Discussion in 'Economics' started by Banjo, Apr 28, 2012.

  1. Then consider that, compared to all humans through history, today's generation worldwide is the best-off out of all of them. Anyone born today is in the top 1% historically, so the Occupy people are in the 1% of the 1%.

    The fact is, most people in the 1st world are spoiled, whining bitches. In this respect, most humans are just ungrateful scum - you give them everything and yet they still complain about it. 1000s of years of progress, and then one slight GDP contraction and they act as if it's the second coming of the Black Death.

    Most people need a bloody good kicking. Next time you see a whining bitch, punch him in the face and shut the pathetic bastard up.
     
    #41     May 15, 2012
  2. Impose wealth tax, not income tax.
    And impose tax on idle cash.
     
    #42     May 15, 2012
  3. achilles28

    achilles28

    Unfortunately, the social strata most deserving of austerity (public employee unions), will get it the least. And those who deserve it the least - the hardworking middle class - will foot the bill. I honestly don't care what happens. Cutten and Peil are right. America has gone to shit. Most people are clueless idiots who expect cradle-to-grave socialism, plus a high paying job, with feeble skills.
     
    #43     May 15, 2012
  4. Very interesting post. It helps the debate a great deal to be able to illustrate that not only is not all austerity equal (UK not equal to Estonia) but that there are ways to implement austerity that produces results that at least begin in the near term. The common wisdom seems to be we need to cut later because the good results, being so far off, will not help us in the near term when we need them most.

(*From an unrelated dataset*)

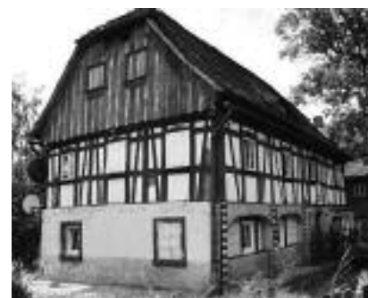
Fot. 3. Piętrowy dom przysłupowy typu miejskiego – Bogatynia, ul. Kościuszki nr 118; widok z 2010 r. Photo 3. A typical upper Lusatian two-storey townhouse in Bogatynia, Kościuszki street 27, view: side photograph from 2010

Przypadek 1. Piętrowy dom przysłupowy typu miejskiego – Bogatynia, ul. Kościuszki nr 118 (fotografia 3) Obiekt ten uległ wielu transformacjom – zwłaszcza ściany parteru, które uzyskały obcy budynkom przysłupowym detal architektoniczny. Ściana szczytowa w parterze, o konstrukcji przysłupowej, a także jedno z okien zostały zamurowane, co spowodowało zaburzenie symetrii obowiązującej w tradycyjnych rozwiązaniach. W ścianie kalenicowej dokonano również drastycznych zmian, gdyż drewniane słupy konstrukcji przysłupowej zostały podcięte do połowy wysokości, pomalowane w „ozdobne” paski i zastąpione

    At the same time these are highly educated societies with cultures that produce what the 21st Century has demand for. Anyone ever met an Estonia over the age of six that could not do trigonometry? No one in the political class of our country wants to discuss what the bottom 15 or 20% of this nation -- in terms of education, skills, cultural liabilities and, in the broad sense, addictions -- looks like. No one wants to talk about the class that feeds and grows astonishingly wealthy off the addictions of our country -- big pharma, food (most of it is close to poison), banking etc. no longer resemble what built this empire. In the sixties The Graduate was famously told to get into plastics. Today the the easy monies is in dealing drugs, crack disguised as food and credit. Imagine taking down $$$ from the Fed at virtually no interest and putting it out on the street at 29% and then, since we need more consumer spending, being encouraged to take down another billion or two all the while turning down reasonably qualified home buyers because putting mortgage money out around 4% is of no interest (pun intended)to you. Nice work if you can get it.

    In case you can't tell I am not optimistic!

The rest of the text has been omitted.